__Required action__
In the data below, locate the line containing "4、在视频播放页面,点击【分享】,即可将川剧视频分享给他人。" and the line containing "グッチ GGマーモント キルティング", then retype both and everything between them exactly. Pictures are not part of the copy.

__Records for this task__
--------
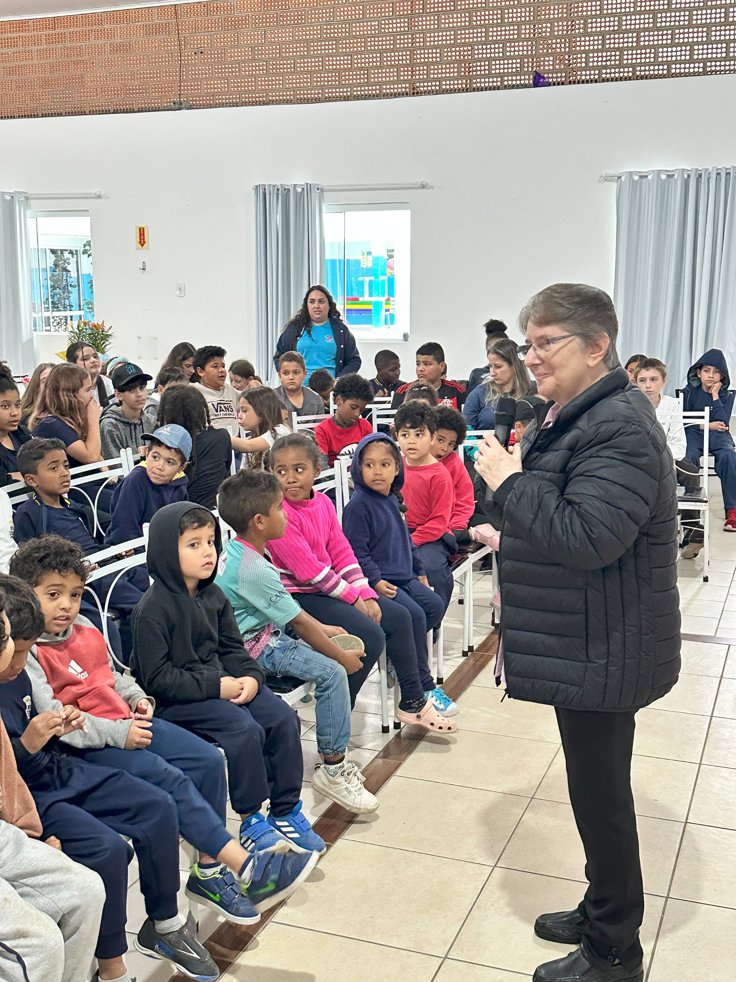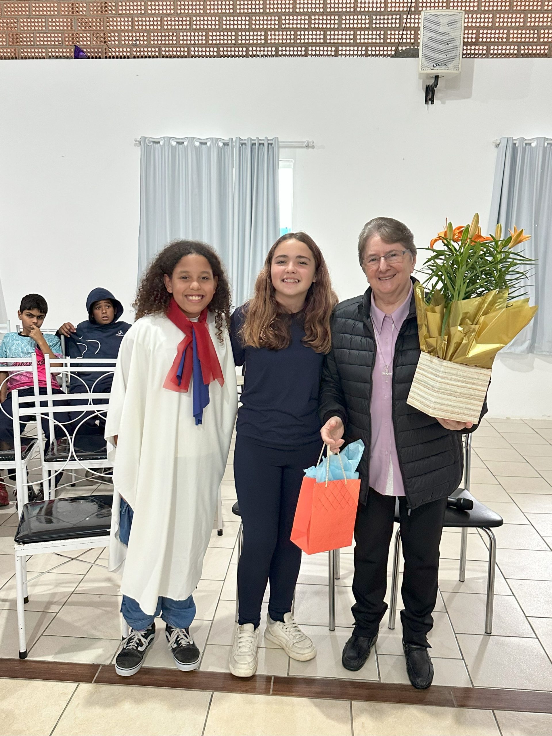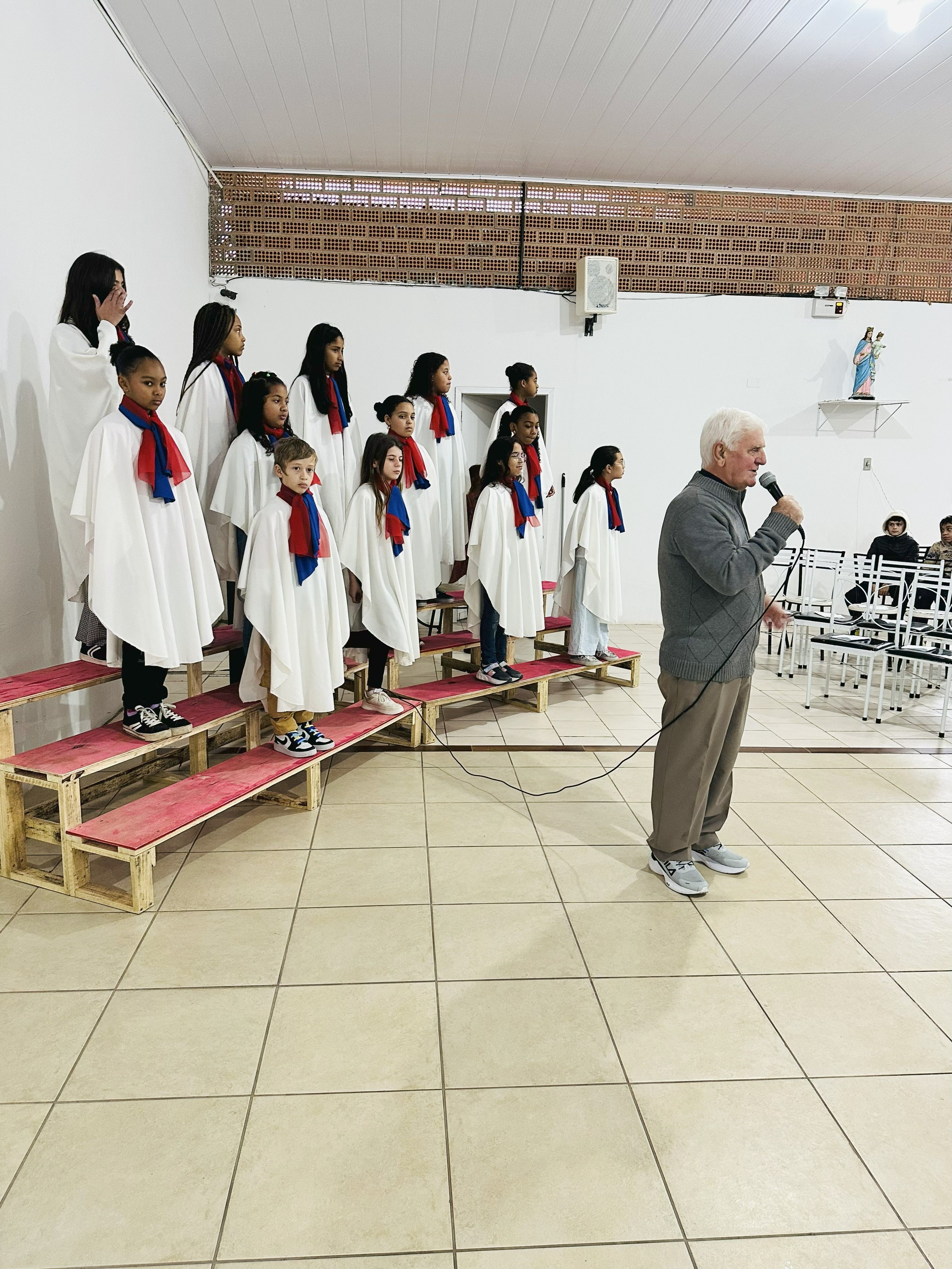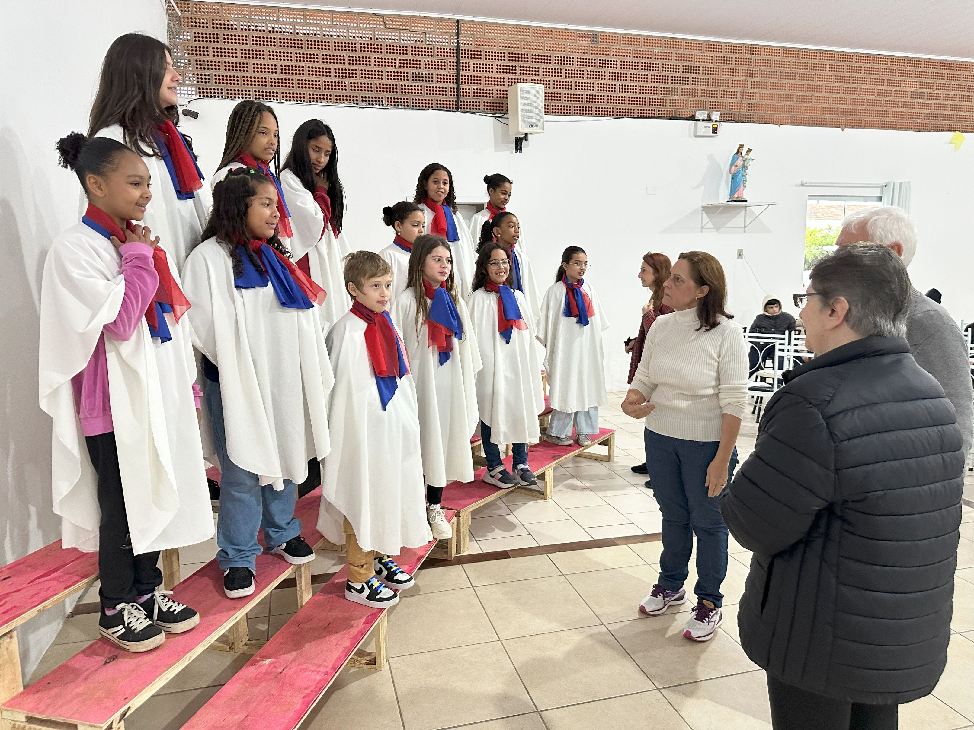 Após a bela performance, Irmã Alaíde parabenizou os integrantes do coral e incentivou a inclusão de mais crianças no grupo, ressaltando a importância de cultivar a força interior para reavivar o fogo do amor, da gratidão, do respeito, da empatia e da esperança.
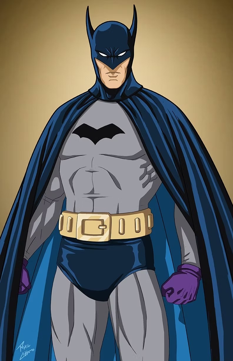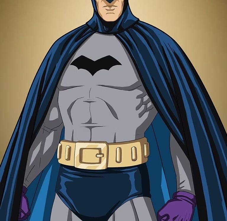 Wayne atravessa a passagem secreta atrás de seu imenso relógio de ponteiro. Descendo pelas escadas, a bela mansão clássica revela sua segunda face: a horripilante caverna em seu subsolo, a Batcaverna. Bruce veste seu traje, com orelhas pontudas, capa negra e luvas longas, possuindo barbatanas em seus antebraços, e para completar, o símbolo do morcego, aquele que instigava terror no coração dos criminosos.
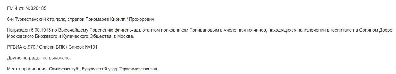 6-й Туркестанский стр.полк, стрелок Пономарев Кирилл / Прохорович
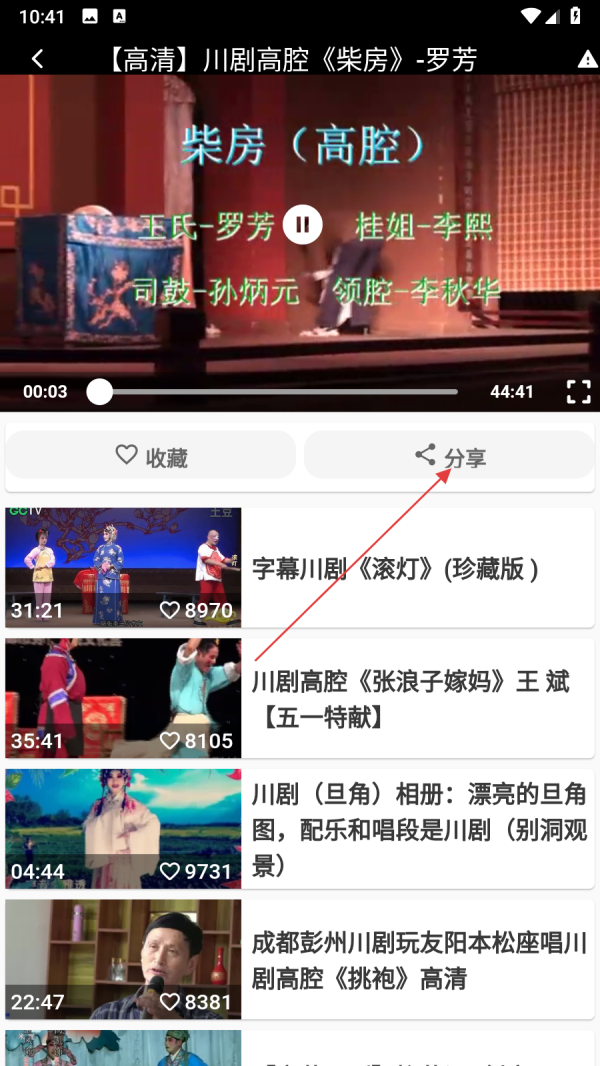 4、在视频播放页面,点击【分享】,即可将川剧视频分享给他人。
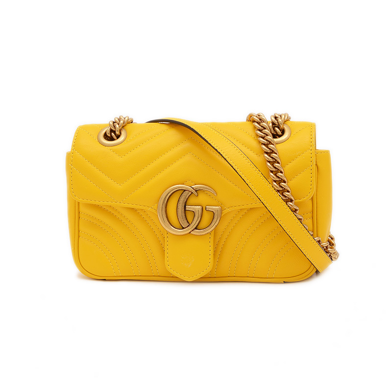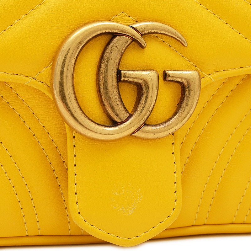 グッチ GGマーモント キルティング スモール ショルダーバッグ レザー イエロー 446744 收藏
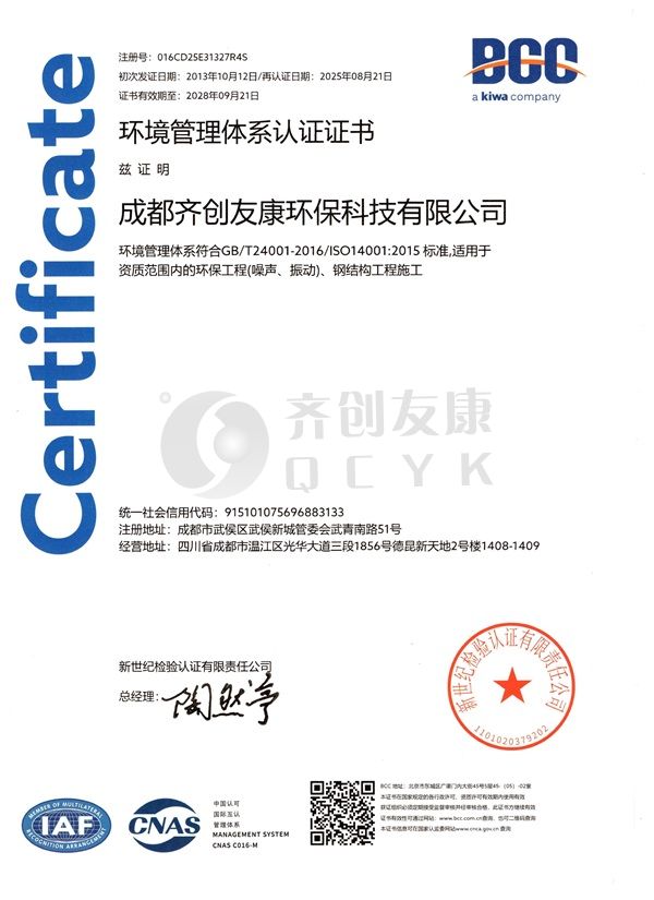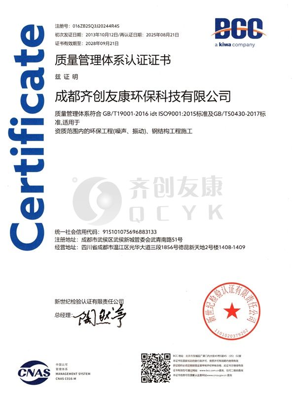 Founded in 2011, Chengdu QCYK ECO Technology Co., Ltd. is a professional service provider focusing on solving environmental noise pollution, using acoustic principles, material science and engineering technology to provide customers with customized noise and vibration control solutions through a series of means such as evaluation, design, product manufacturing and construction and installation to achieve acoustic environment improvement and compliance.
--------
__Answer to this task__
 4、在视频播放页面,点击【分享】,即可将川剧视频分享给他人。
 グッチ GGマーモント キルティング スモール ショルダーバッグ レザー イエロー 446744 收藏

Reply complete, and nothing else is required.